The increase in the income tax exemption limit for salaried taxpayers up to ₹12 lakh in the Union Budget 2025 has sparked expectations that this tax relief will benefit industries such as automobiles, consumer electronics, FMCG, and travel & entertainment, driven by the assumption that the middle class will direct their tax savings towards both essential and discretionary goods.
Stocks in these sectors have reacted positively to the budget, with prices trading higher since the announcement. However, Japanese brokerage firm Nomura holds a different view on the income tax cut's potential impact on the Indian automobile sector.
The brokerage, in its recent note, explains that while the change in personal income taxes may have a positive impact on the auto sector,gains may not be very large.
It points out that 60% of the 80 million tax filers in India do not actually pay taxes. "While the savings will be large for taxpayers in the New Tax regime, in our assessment a large percentage of people who actually pay taxes are in the old tax regime," said Nomura.
For these taxpayers, the savings may be lower because they currently claim deductions. As a result, higher-income individuals, who are more likely to already own automobiles, are expected to benefit more. Consequently, premium segments like SUVs may see more demand than budget-friendly small cars, according to the brokerage.
Nomura further stated that the increase in the Kisan Credit Card limit from ₹300k to ₹500k and the rural development budget increase of 27% YoY could also be positive for rural demand for PVs, 2Ws, and tractors.
Similarly, the execution on planned capital expenditure would be a positive for MHCVs. "Overall, we currently factor in FY26F volume growth of 6% for PVs, 5% for MHCVs, 7% for 2Ws, and 5% for tractors. We had already factored in some positive measures in our growth assumptions, so at this stage, we don’t see any significant change to our estimates," said Nomura.
The brokerage's top picks are Mahindra and Mahindra and TVS Motor Company, on which it has 'buy' ratings, with a target price of ₹3,664 and ₹2,689, respectively.
Most companies in the auto sector posted a strong performance in January, supported by robust rural sales, bolstered by positive cash flow momentum from the Kharif harvest and favourable reservoir levels, which led to good sowing for the Rabi season, further driving tractor sales.
Maruti Suzuki reported a 6.5% year-on-year (YoY) growth in total sales on a high base, exceeding Nomura's estimates. Mahindra and Mahindra's UV volumes showed strong 17.6% YoY growth at 50.6k units. Hyundai's domestic sales came in slightly below the brokerage's estimate at 65.6k units in January 2025, down 3% YoY, while exports were at 11.6k units.
Tata Motors reported domestic PV sales of 48k units in January 2025, reflecting a 10.4% YoY decline. EV sales were 5.2k units, down 6% MoM. On the 2W front, TVS reported 17% YoY growth in total sales, driven by substantial growth in scooter sales at 29.3%, while motorcycles grew by 12.1% YoY.
Bajaj Auto reported 7% YoY growth in total sales, primarily driven by stellar 36.7% growth in exports. Eicher Motors’ total sales showed a 20% rise in the VECV segment, with domestic sales growing by 21% and exports rising by 27% YoY.

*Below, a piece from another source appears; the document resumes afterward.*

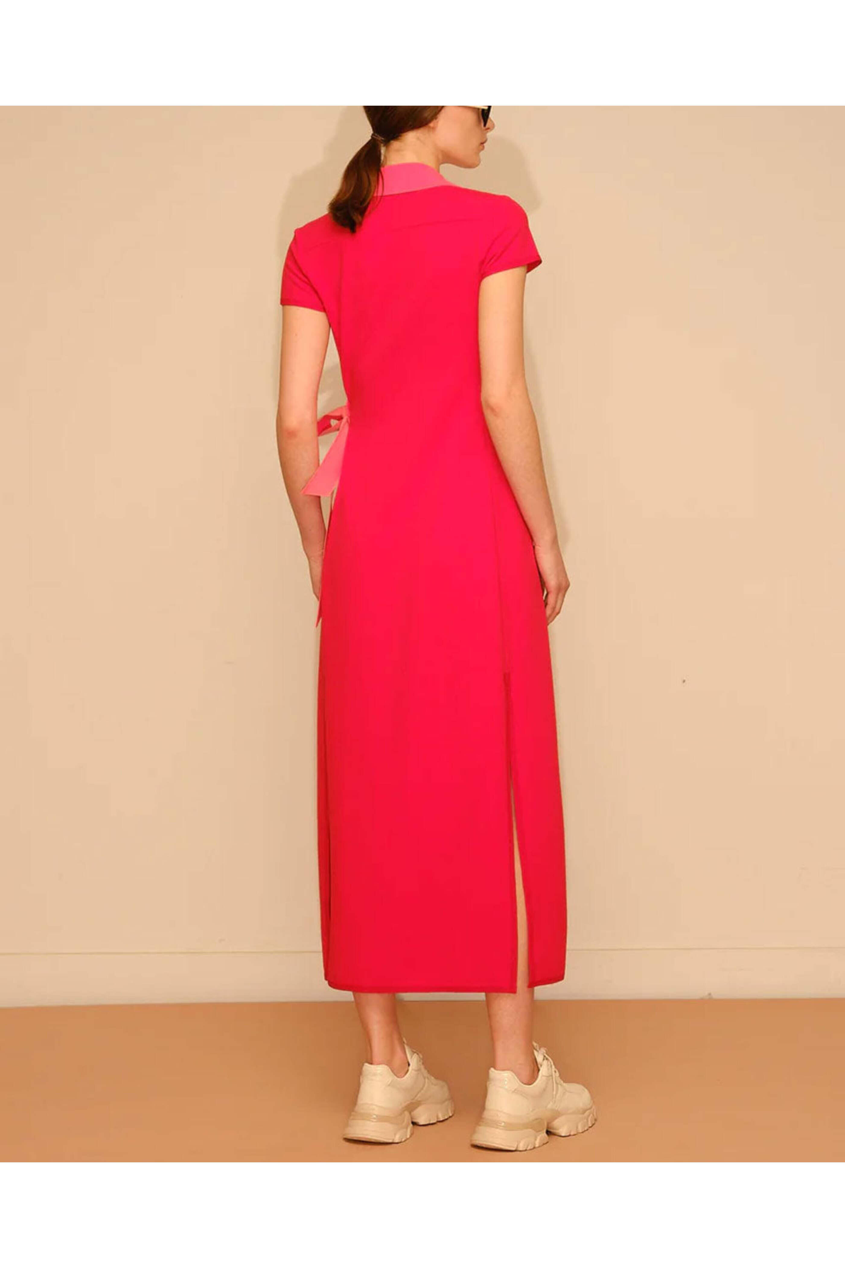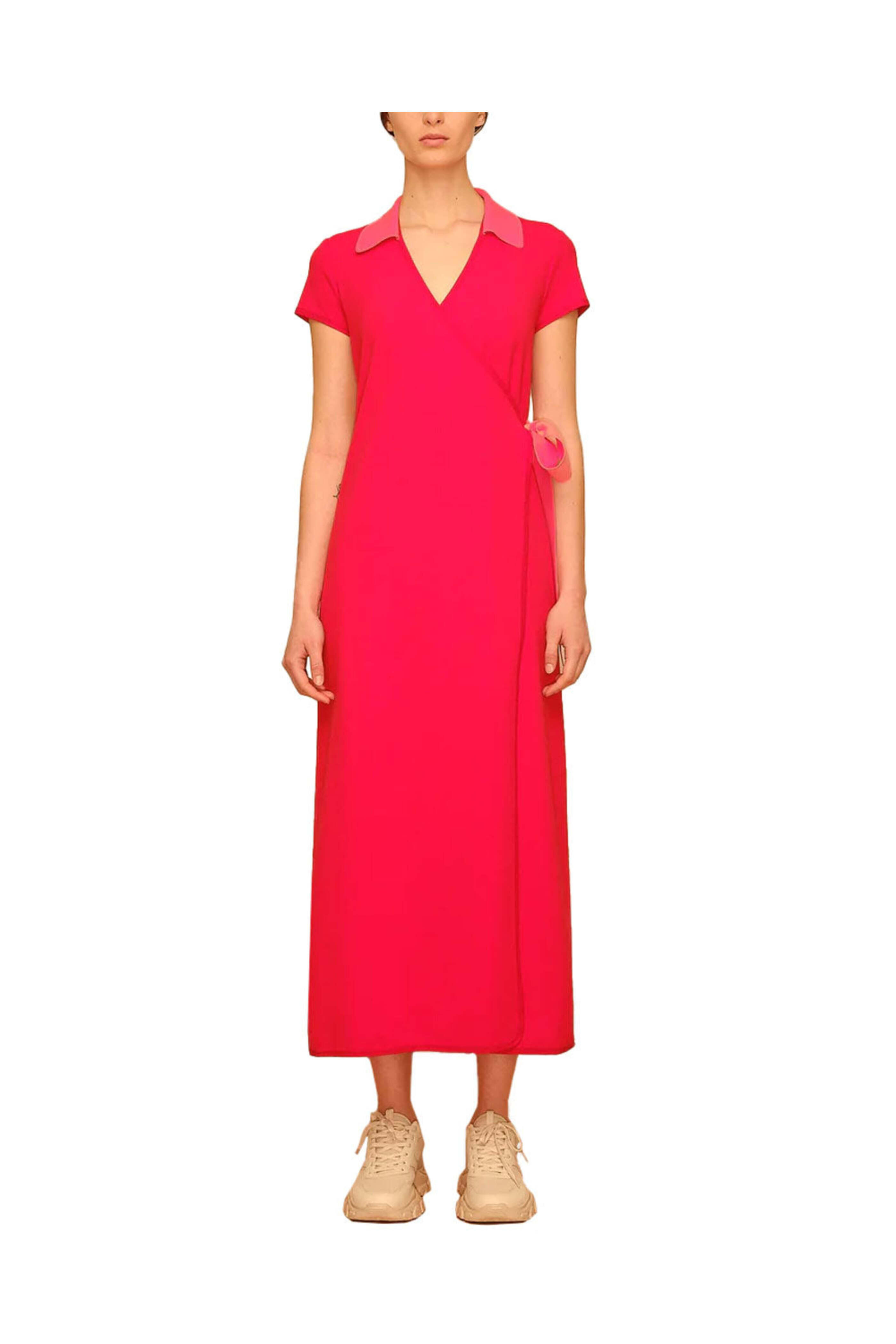 Marie Saint Pierre Red Yuri Dress. Collar. V neck. Short sleeves. Wrap silhouette; self-tie closure at side. Midi to maxi length. Side hem slits. Bicolor fabrication. Made in Montreal. 95% polyester, 5% elastane outer 1, 86% polyamide, 14% elastane outer2, 72% polyamide, 28% elastane outer3.

Hero MotoCorp's sales were up by 2.1% YoY and 36% MoM. Ola regained its number one position in January 2025, as its sales grew by 76% MoM.
Disclaimer: The views and recommendations given in this article are those of individual analysts. These do not represent the views of Mint. We advise investors to check with certified experts before taking any investment decisions.